But her mind was so... slow, like quicksand, like wading through mud, like she was drunkenly stumbling through the dark after being violently concussed, like an-

"iron bar passed all the way through the left side of his brain and out the top of his skull. Phineas Gage survived this accident, but suffered from so profound a personality change that his friends remarked that he was 'no longer Gage'."

The health professor eyed the classroom. "The human brain is not perfectly understood. The exact causes of Mr. Gage's changes can only be guessed at, but I implore you all to understand this: the brain is a fragile thing, and you have no right to tamper with it."

The teacher glared at Amy, his face twisting into vicious smile. "Any time you alter someone's brain, you've killed them a dozen times. Every mistake makes you a murderer, every change is a cruelty for those they leave behind. You will leave corpses in your wake, dead bodies piloted around by artificial minds." 
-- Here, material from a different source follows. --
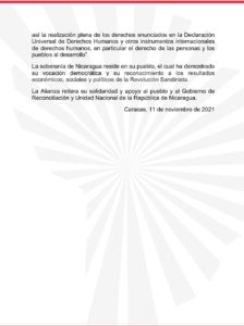 Los países miembros del @ALBATCP rechazan la acción injerencista de los EEUU en contra de la República de Nicaragua al promulgar el 10 de noviembre de 2021, la “Ley para Reforzar el Cumplimiento de Condiciones para la Reforma Electoral en Nicaragua” (RENACER).

Amy reeled back in her seat, stuttering denials: she would never- she could never-

The smile widened, sharpened, a crescent moon hanging on his face. "People will see you as their saviour, their perfect healer, even as you snuff out their minds. Their families will thank you as they lead a stranger home, a meat suit filled by a monster of your own creation."

One by one, the surrounding students slumped. They dropped to the ground like ragdolls, puppets whose strings were cut, a boneless pile. 

One by one they stood again, changed, different in a way that only Amy could see. They re-took their seats, smiling robotically, staring forward, with none the wiser to the abomination-

The bell rang, dismissing the class, and Amy fled in horror. Why was she running? Was it... the man? The story horrified her, she realized. How easy it was to change someone, to kill someone. How did his family feel, Amy wondered, when they realized the truth. When they realized that he had died in that accident, and the man standing before them was a stranger.

And the man himself? 

To have to live like that, did he know how much he had changed? Was there anything even left of who he had been? Did he even care?

And if she had been there, could she have fixed it?

No. 

That way lies madness.

She couldn't think like that. She wasn't there, it wasn't her fault. And even if she was there, even if she tried and fixed him, it would not be him, would it? A perfect copy was still a copy. No one else would know, but she would. 

She would know.

And that thought was terrifying.

No, she wouldn't, couldn't risk it. Brains were off limits. There were too many things that could go wrong, too many ways for her to kill someone, and nobody would know it but her. Nobody should have that kind of power, especially not her.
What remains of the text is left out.